TattooedMommy139 said:


> Ton of information! I DO plan on having my RN degree before we move ( I have 2 semesters left, and 1 left for my Paramedic licenese). One person summed it up pretty much to the T. It sounds like (according to at least TN  scope of practice) Canada's PCP is equal to our EMT-IV and the ACP  is equal to our medic.  Weird. Only took 2 years to get EMT-IV AND Medic :/. Ok, what about tattoo acceptance in the work place? What are the rules in Canada on that? I know here, I have to cover them with a long sleeve shirt/jacket.



Our EMT-IV is the equivalent of i/85, their lowest level provider is the equivalent of a paramedic here plus some, and I believe the title of that provider includes, "Paramedic" as well. Unfortunately, you are out of luck. You would have a better chance of transferring your licenses if you were in a degree seeking paramedic program I would think.

It is good to see another Tennessean on here.


----------



## TattooedMommy139 (Sep 30, 2010)

medicRob said:


> Our EMT-IV is the equivalent of i/85, their lowest level provider is the equivalent of a paramedic here plus some, and I believe the title of that provider includes, "Paramedic" as well. Unfortunately, you are out of luck. You would have a better chance of transferring your licenses if you were in a degree seeking paramedic program I would think.
> 
> It is good to see another Tennessean on here.




Yeah its pretty much looking like I need to finish out my nursing before even attempting, which is a bummer, but, patience, I guess lol. The only thing Ive read on here that is some what promising is what the one said they do in NS. I see you are in Nashville. We've considered moving there also, (have family from there). Lol, wanna share what they have to offer? LOL we just HAVE to get out of Chattanooga.


----------



## medicRob (Oct 1, 2010)

TattooedMommy139 said:


> Yeah its pretty much looking like I need to finish out my nursing before even attempting, which is a bummer, but, patience, I guess lol. The only thing Ive read on here that is some what promising is what the one said they do in NS. I see you are in Nashville. We've considered moving there also, (have family from there). Lol, wanna share what they have to offer? LOL we just HAVE to get out of Chattanooga.



Check your inbox later today. I am about to head into the University to teach, I was just logging into the forum before I headed in to see what everyone was up too.


----------



## CAO (Oct 1, 2010)

TattooedMommy139 said:


> we just HAVE to get out of Chattanooga.

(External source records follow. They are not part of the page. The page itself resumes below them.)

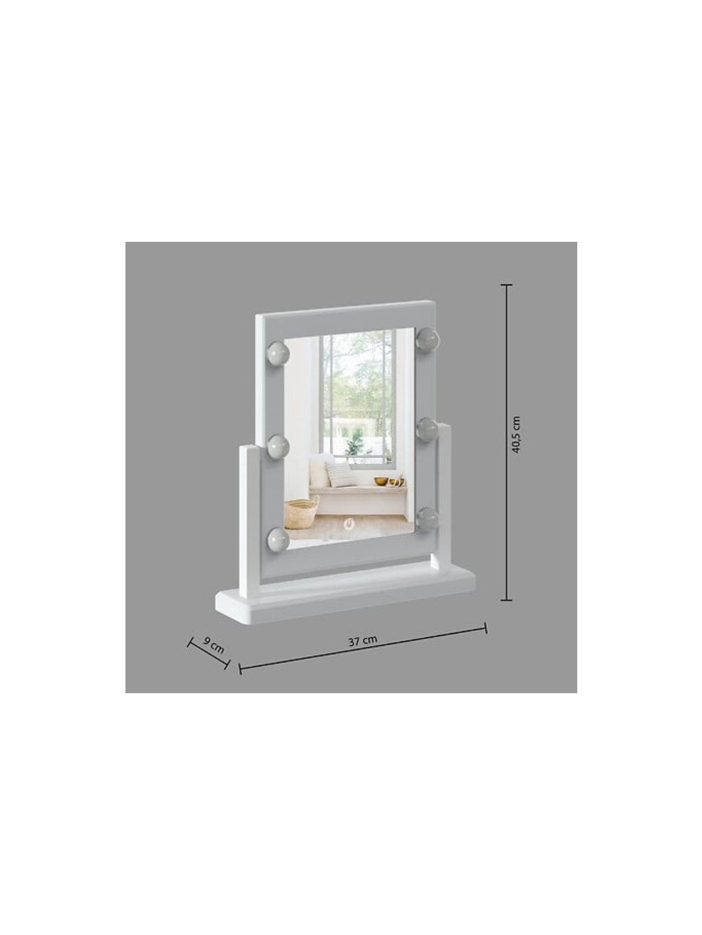 Premeňte svoju každodennú kozmetickú rutinu na hviezdny zážitok. Toto ikonické zrkadlo v štýle "Hollywood" prináša profesionálne osvetlenie priamo na váš toaletný stolík. Vďaka čistému bielemu dizajnu a veľkej odrazovej ploche je nielen praktickým pomocníkom, ale aj dominantným dekoratívnym prvkom.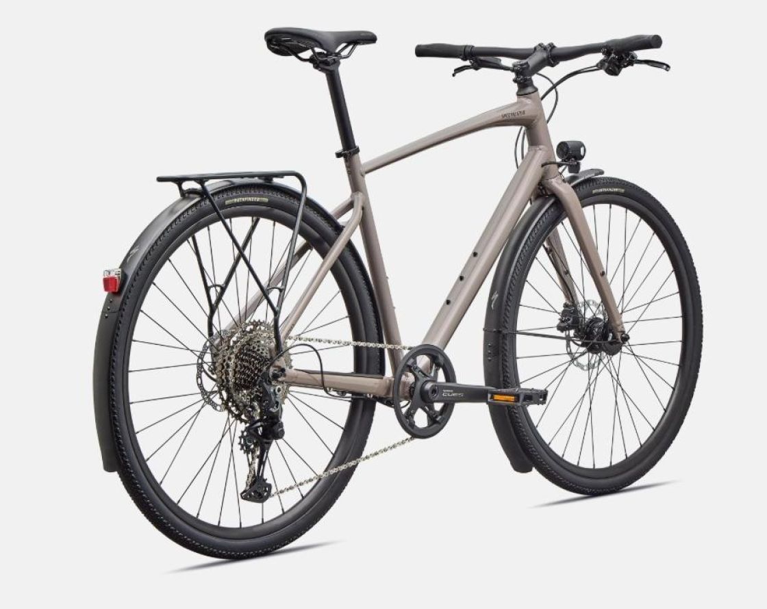Specialized A1 Premium Aluminum, Fitness Geometry, butted tubing, internal cable routing, flat-mount disc, quick-release, Plug + Play rack/fender mounts
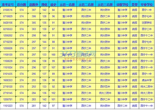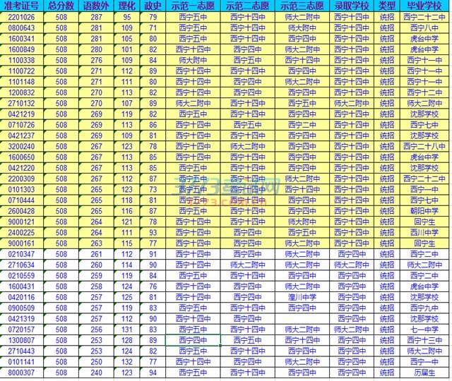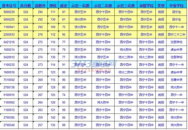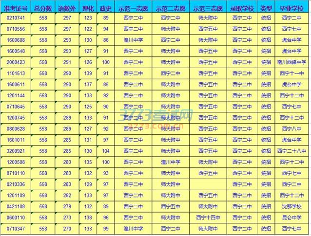 2016西宁市总寨中学分数线 总寨中学录取分数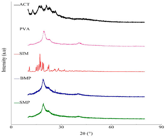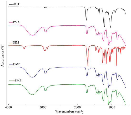 The absorption spectra in the infrared region of ACT, PVA, SIM, and microparticles are shown in Figure 9. Moreover, Table 2 presents the assignments of the main bands regarding the absorption spectra.

If I may without intending to derail the topic, why is that?  I kind of like the area.


----------



## Outbac1 (Oct 2, 2010)

I'm curious. Why do you want to come to Canada? Family connection? Although Mr. Brown and I agree Canada is awesome. Everywhere has its problems and nowhere is perfect.


----------



## fortsmithman (Oct 2, 2010)

Outbac1 said:


> I'm curious. Why do you want to come to Canada? Family connection? Although Mr. Brown and I agree Canada is awesome. Everywhere has its problems and nowhere is perfect.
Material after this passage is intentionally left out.